正则表达式-URL中的希腊字符 [英] Regex - Greek Characters in URL
问题描述
我有一个使用正则表达式的自定义路由器。
I have a custom router that uses regex.
问题是我无法解析希腊字符。
The problem is that I cannot parse Greek characters.
以下是 index.php
的几行:
$router->get('/theatre/plays', 'TheatreController', 'showPlays');
$router->get('/theatre/interviews', 'TheatreController', 'showInterviews');
$router->get('/theatre/[-\w\d\!\.]+', 'TheatreController', 'single_post');
以下是 Router.php
:
$found = 0;
$path = parse_url($_SERVER['REQUEST_URI'], PHP_URL_PATH); //get the url
////// Bla Bla Bla /////////
if ( $found = preg_match("#^$value$#", $path) )
{
//Do stuff
}
现在,当我尝试使用http://kourtis.app/theatre/α
(请注意,最后一个字符是希腊字母 alpha),然后以某种方式将其解释为 http://kourtis.app/theatre/%CE%B1
Now, when I try a url like http://kourtis.app/theatre/α
(notice the last character is a Greek 'alpha') then it is somehow interpreted to http://kourtis.app/theatre/%CE%B1
当我 var_dump($ path)
或复制粘贴URL时,我可以看到此内容。
I can see this when I var_dump($path)
or when I copy-paste the url.
我想它与编码有关,但所有(我能想到的)都是utf-8格式。
I guess it has something to do with encoding but everything (I can think of) is in utf-8 format.
有什么想法吗?
更新:在注释中的建议之后,以下仅适用于 希腊语字符:
/剧院/ [α-ωΑ-Ω-\w\d\!\。
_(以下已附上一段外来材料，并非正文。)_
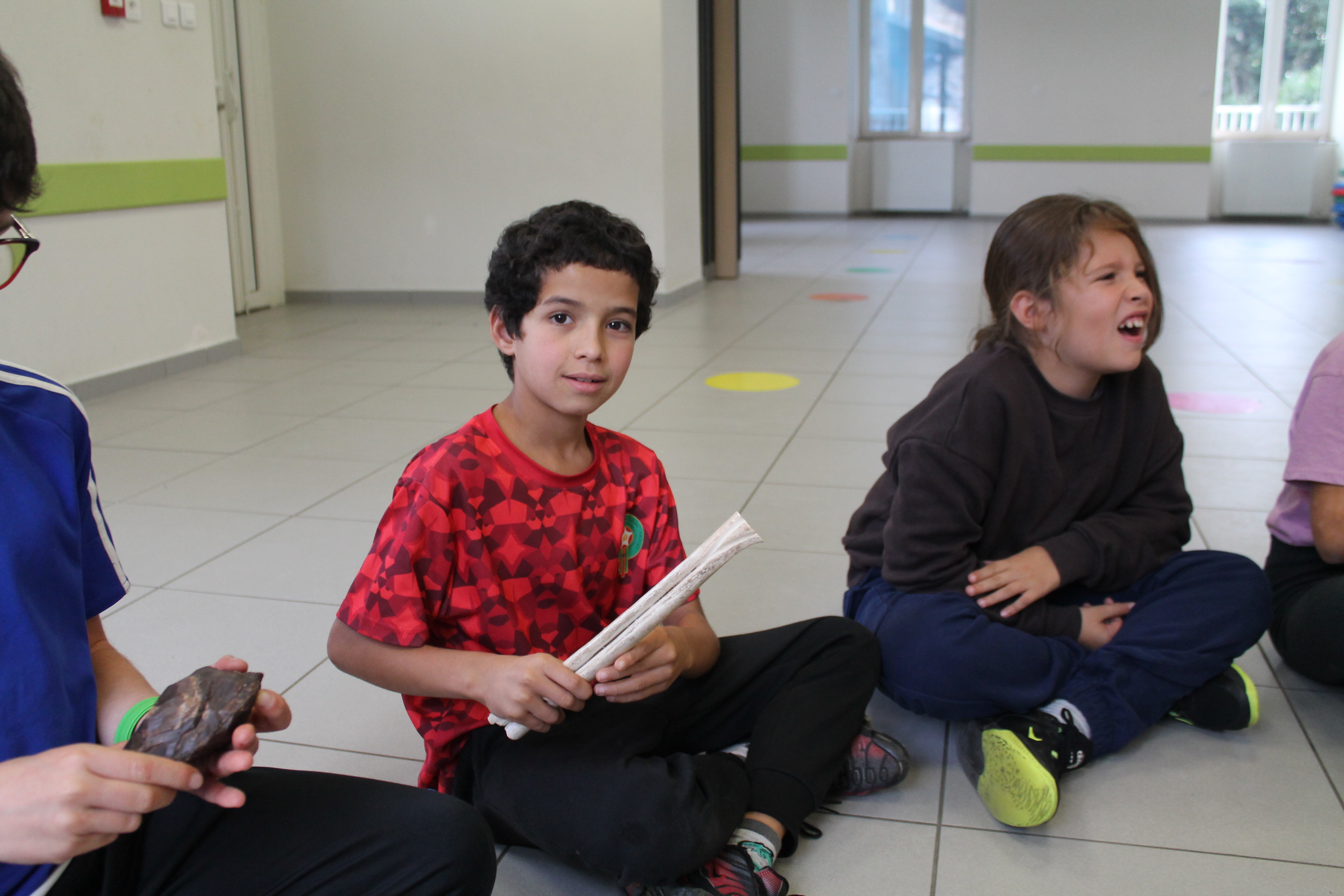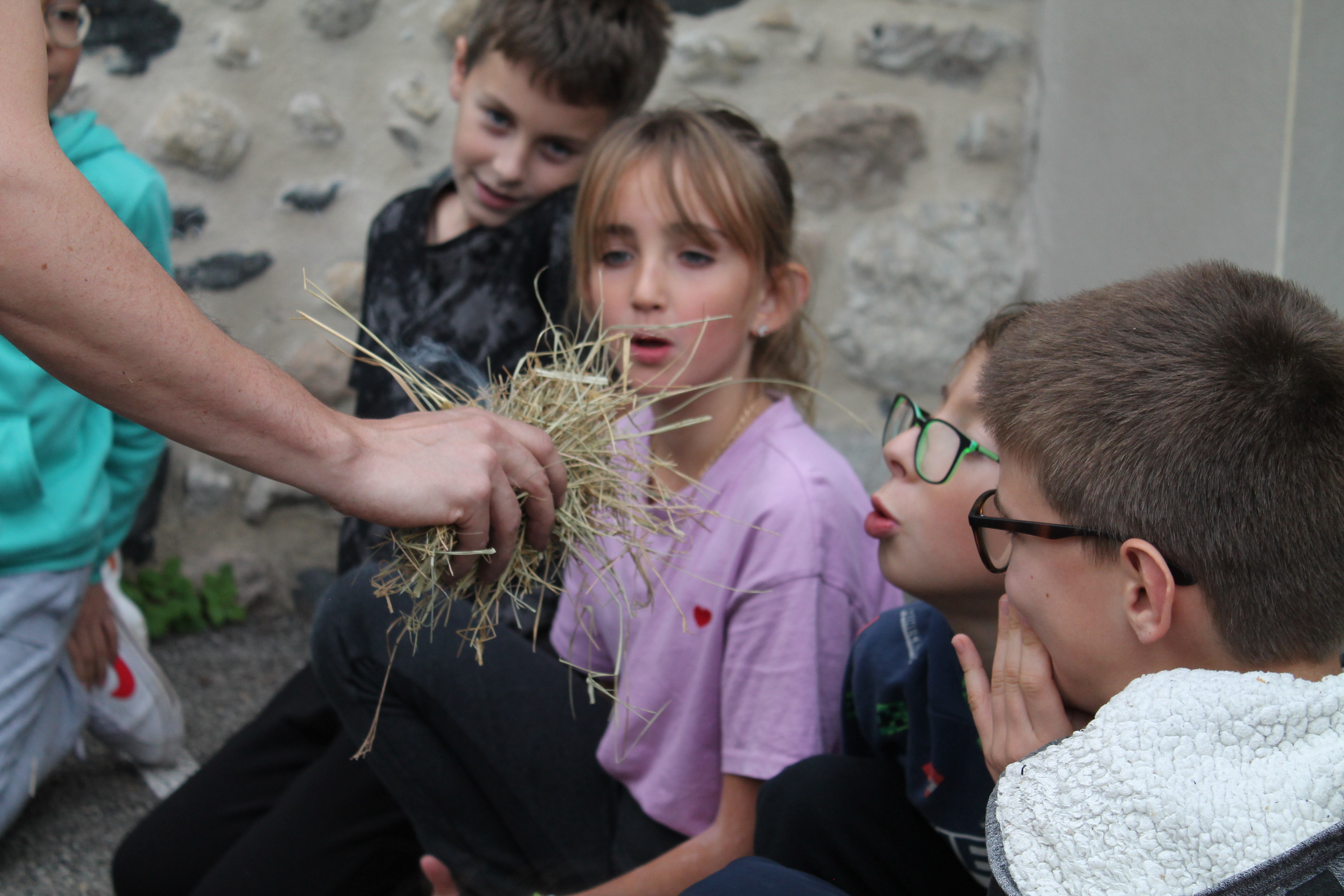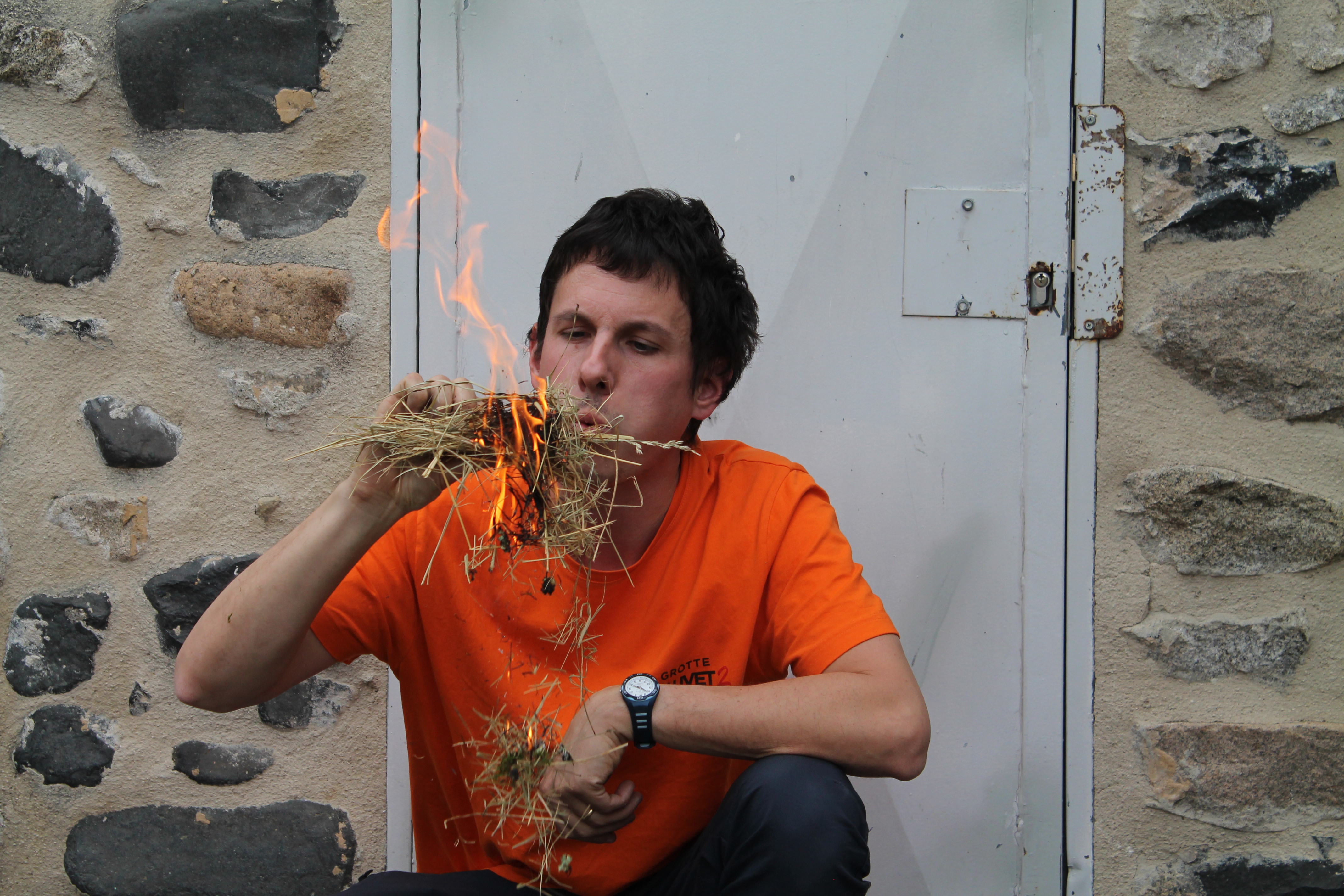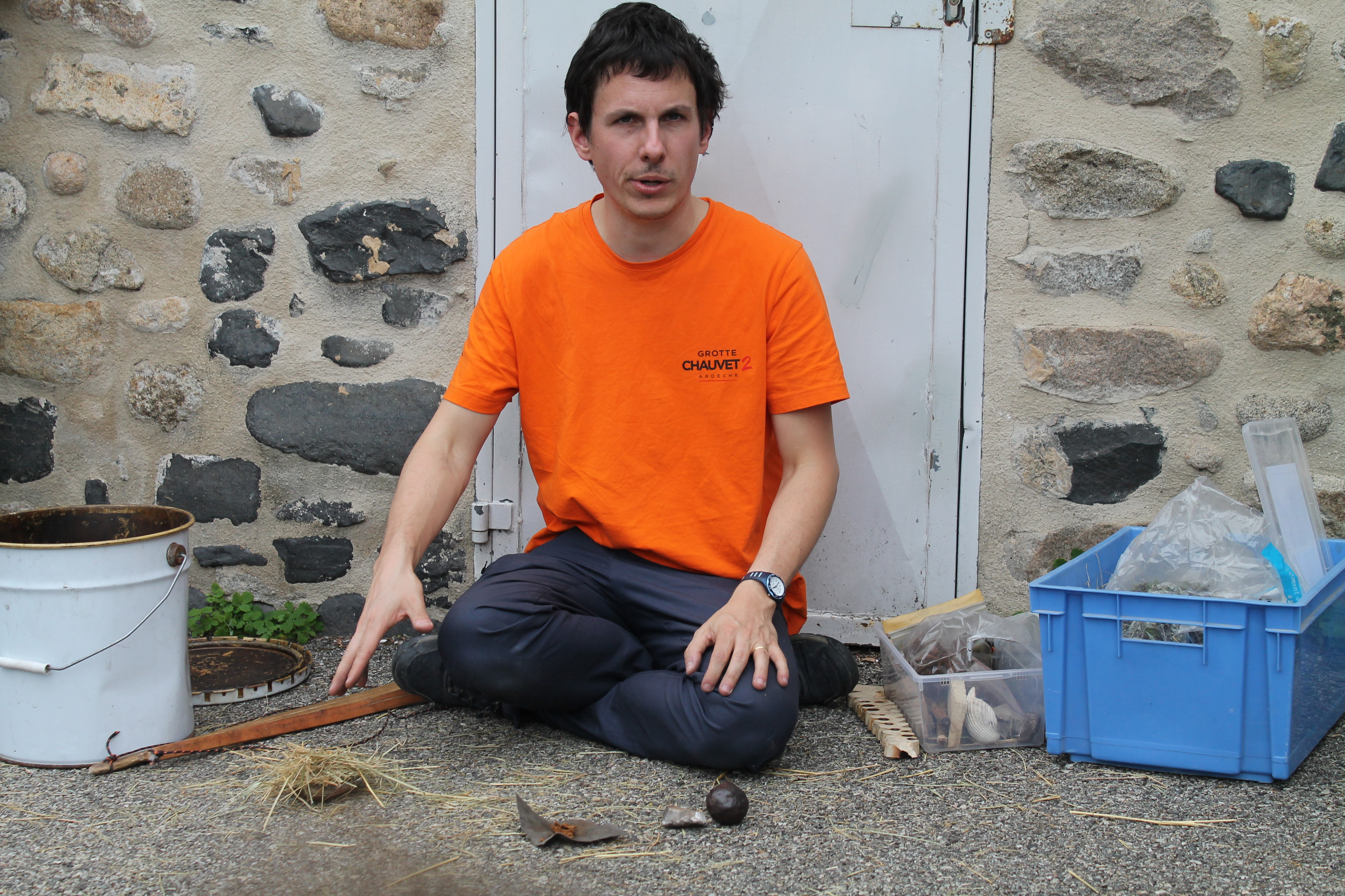 Florian qui travaille à la grotte Chauvet 2 est venu à l'école pour nous montrer des objets. Il y avait des os, une peau, une grosse dent de mammouth, des pierres pour allumer le feu, couper, racler les peaux. Florian nous a fait voir comment on allumait le feu dans la cour . Pour cela il a mis un bout de tissu et un morceau de champignon séché. Il tape une pierre contre une boule de fer. Une étincelle apparaît sur le champignon séché puis dans la paille. Il nous demande de souffler doucement et longuement : le feu apparaît !!!
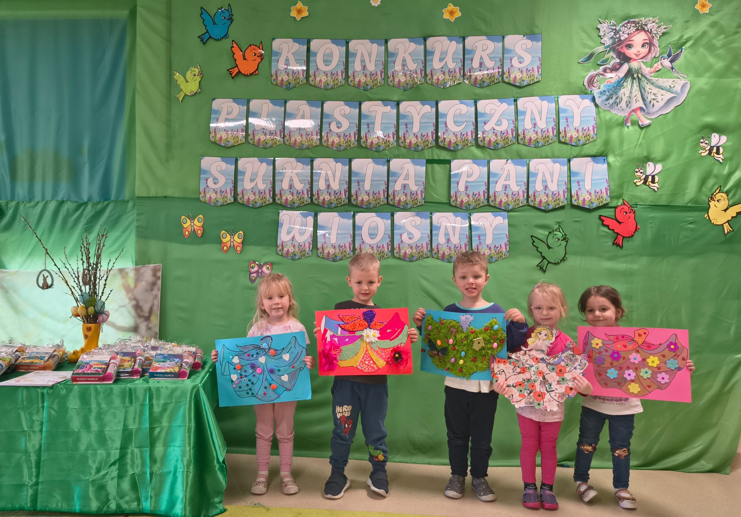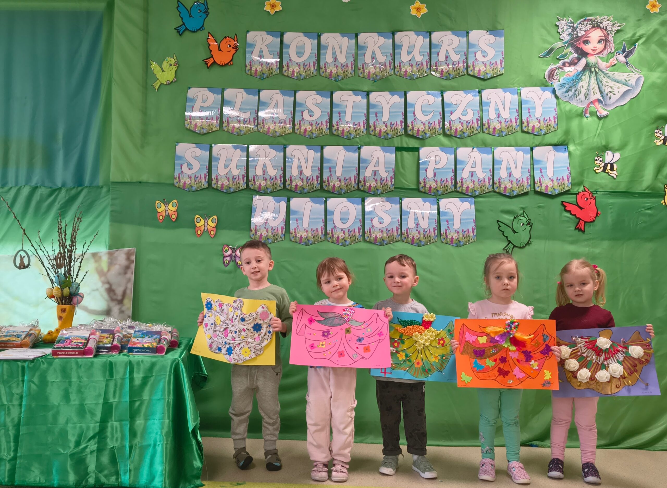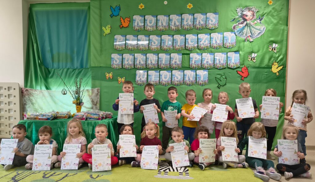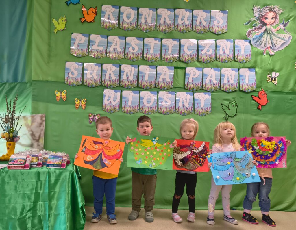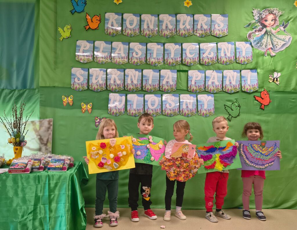 W grupie „Bratki” został zrealizowany wyjątkowy konkurs plastyczny, w którym dzieci wraz z rodzicami miały za zadanie udekorować suknię Pani Wiosny. Celem konkursu było rozwijanie umiejętności plastycznych, kreatywności oraz uwrażliwienie dzieci na piękno nadchodzącej pory roku.

] +
并使用 urldecode
解码 $ path
变量的百分比编码
UPDATE: After the suggestions in the comments, the following works for only with some Greek characters:
/theatre/[α-ωΑ-Ω-\w\d\!\.]+
and use urldecode
to decode the percent-encoding of the $path
variable.
一些会产生错误的字符是:κ
π
ρ
χ
。
Some characters that produce an error are: κ
π
ρ
χ
.
现在的问题也就是为什么??
(顺便说一句,这适用于许多字符 /剧院/.+
)
The question now is ... why??
(BTW, this works for many chars /theatre/.+
)
推荐答案
您可以使用
$router->get('/theatre/[^/]+', 'TheatreController', 'single_post');
因为 [^ /] +
将匹配除了 /
以外的一个或多个字符,因为 [^ ...]
是否定的字符类,该字符类与除类中定义的字符以外的任何字符都匹配。
as [^/]+
will match one or more characters other than /
since [^...]
is a negated character class that matches any char but the one(s) defined in the class.
请注意,您不必使用 \d
(如果您已使用 \w
( \w
已匹配)
Note you do not have to use \d
if you used \w
(\w
already matches digits).
此外,您没有将变音符号与正则表达式匹配。如果需要匹配变音符号,请在正则表达式中添加 \p {M}
:'/ theatre / [-\w\p { M}!。] +'
。
Also, you did not match diacritics with your regex. If you need to match diacritics, add \p{M}
to the regex: '/theatre/[-\w\p{M}!.]+'
.
请注意,要允许 \w
匹配Unicode字母/数字,您需要传递 / u
修改正则表达式: $ found = preg_match(#^ $ value $#u,$ path)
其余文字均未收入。